What CPUs are used in Chinese supercomputers?


----------



## bobsm

K_Bin_W said:


> What CPUs are used in Chinese supercomputers?




Both systems use native CPU and accelerator architectures 

From the article below:
*It seems that China already has two exascale supercomputers at once – no one else has such systems, not even the United States.*









It seems that China already has two exascale supercomputers at once - no one else has such systems, not even the United States.


What many have expected and feared seems to have happened. Edition The Next Platform received from a trusted source the first confirmation of rumors circulating for months that China had successfully overcome the exascale barrier. And he did it back in the spring of this year and on two...




www.aroged.com





One is: 

"The successor to TaihuLight, codenamed Oceanlite, is based on a new generation of Sunway chips (ShenWei) and has a minimum of 42 million cores and a peak performance of 1.3 Eflops in HPL. "

The other one: 

Phytium, developed by Tianjin Phytium Technology.

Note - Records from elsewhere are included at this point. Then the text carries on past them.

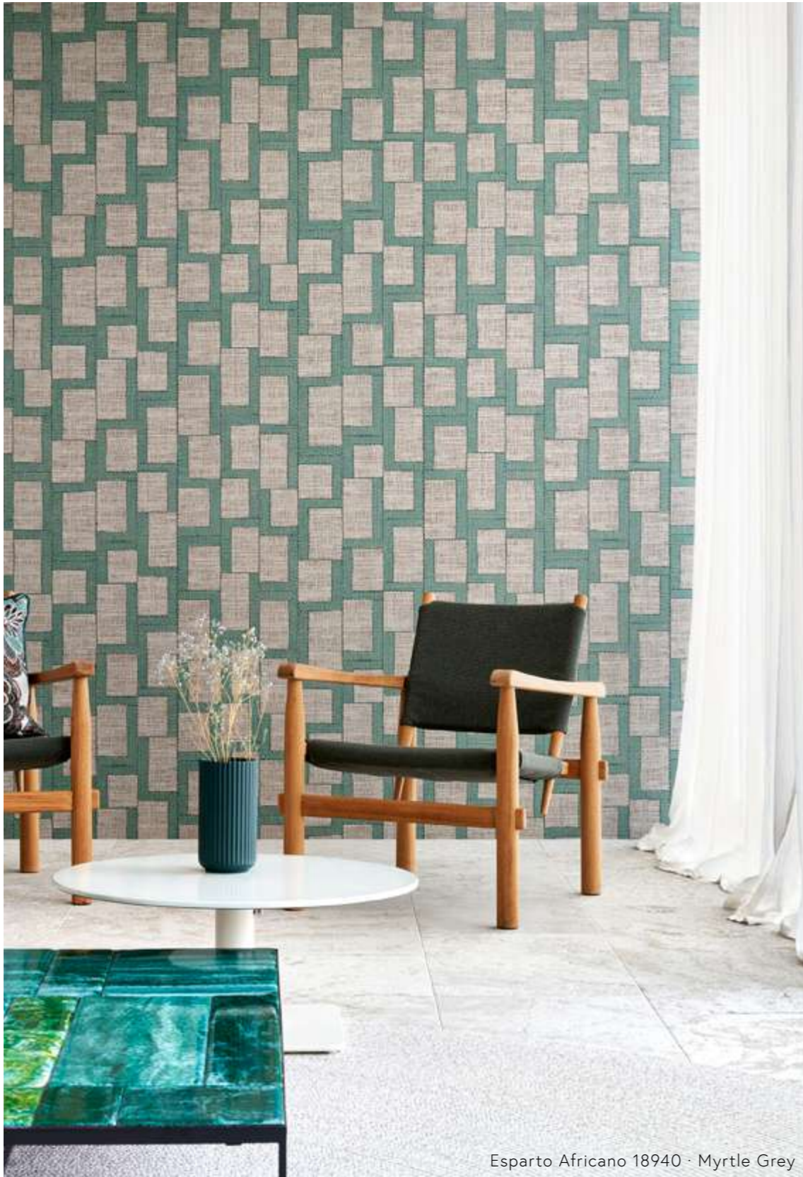
Esparto Africano 18940 - Myrtle Grey
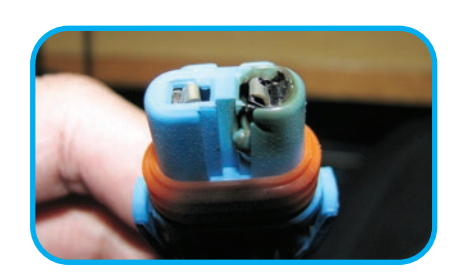
Melted Original-style Unit

Our Response: To prevent melting, Pollak's Headlight Wiring Harnesses have high-temp connectors that can withstand extreme heat. The harnesses also have 14-gauge wire for better conductivity and a "plug & play" feature that lets you plug the harness right between the factory harness and new bulb. You can even use the harness as a pigtail if the original connector is melted. Pollak's line of headlight harnesses covers the following high-temp bulbs: H1, H3, H4, H7, H9, H11, H13, 9004, 9005, 9006, 9006XS, and 9007.
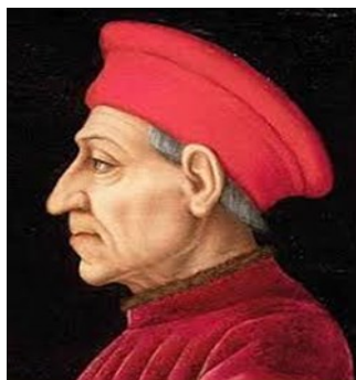
Cosimo de' Medici, Founder of the Medici Bank

As a final thought, it's interesting to note the origin of the word "bank" which is derived from the Italian banca. The literal meaning of banca was the "bench" where money changers used to transact business. The term was later used to describe the shop itself. Banca rotta (from which we obtained the term "bankruptcy") is simply a broken bench!

" Phytium is responsible for their development, whose growth at one time was helped by the ban on the supply of Intel Xeon for Chinese supercomputers. The company has its own 7-nm Arm processors FeiTeng and Matrix Series DSPs. "

Reactions: Like Like:
3


----------



## JSCh

> 新冠药物筛选效率提升200倍 中国新一代天河超算入围戈登贝尔奖评选
> 
> 2021-11-05 22:07:49 出处：快科技 作者：宪瑞 编辑：宪瑞 人气： 4390 次 评论(4)
> 
> 11月5日晚，据央视报道，在天河新一代超级计算机上完成的“基于自由能微扰-绝对结合自由能方法的大规模新冠药物虚拟筛选”工作成功入围2021年度的戈登贝尔新冠特别奖，这是我国首次入围该特别奖奖项。
> 
> 该成果由中国科学院上海药物所陈凯先院士、北京航空航天大学钱德沛教授和荷兰阿姆斯特丹大学Hans Westerhoff教授提名推荐。
> 
> 通过利用天河新一代超级计算机的超大规模算力，使用国际领先的药物-靶标结合精准评价计算方法，实现了新冠应急药物（有效降低致死率和重症率）的快速筛选和发现。
> 
> 团队以新冠病毒的M-Pro和TMPRSS2等重要靶点为研究对象，对来源于美国FDA（食药监局）批准上市及成熟商业库的近180万种小分子与靶点的复合物进行计算评价，在一周内完成了50余万个复杂分子动力学模拟任务，并筛选出98个化合物，其中50个化合物在生物活性测试中表现出较高活性，命中率达到51%，是当前国际最高水平。
> 
> 计算筛选得到的双嘧达莫药物已完成100多例的临床试验，其结果表明：双嘧达莫干预三周后，*新冠重型患者临床症状明显改善，达到87.5%的出院率，明显优于对照组40%出院率，无死亡案例*，无转成危重型案例，该药能提高治愈率并降低病亡率。
> 
> 该药与阿比多尔合用后，新冠普通型患者的出院率为100%，平均出院时间为7天，比阿比多尔单用提前了4天，显示出良好的治疗效果。
> 
> *根据实际测算，在天河新一代超级计算机的支撑下，基于自由能微扰-绝对结合自由能方法的药物筛选效能提升了200倍。*
> 
> 该项成果对于实现针对突发疫情的快速药物响应，具有极为重要的现实意义。
> 
> 同时，基于天河新一代超级计算平台，天津超算中心还联合了天津中医药大学张伯礼院士团队开展治疗新冠的中药有效成分筛选工作，开展中药现代化研究。
> 
> 戈登贝尔奖是国际上高性能计算应用领域的最高学术奖项，被称为“超算领域的诺贝尔奖”，由ACM每年评选和颁发，具有较大的国际影响力。
> 
> 由于新冠疫情的暴发，ACM于2020年首次设立了戈登贝尔奖新冠特别奖（ACM Gordon Bell Special Prize for HPC-Based COVID-19 Research），以表彰在“超算抗疫”方面取得的杰出研究成果。
> 
> 其评价的主要标准为：通过高性能计算的应用和创新，对理解疾病本质、控制疾病传播或发现有效治疗手段作出重要贡献。
> 
> *2020年该奖项有6项成果入围，全部被美国包揽。*


*Machine translation:
Coronavirus drug screening efficiency increased by 200 times China's new generation of Tianhe supercomputers shortlisted for the Gordon Bell Prize*

2021-11-05 22:07:49 From: Fast Technology Author: Xianrui Editor: Xianrui Popularity: 4390 times Comments(4)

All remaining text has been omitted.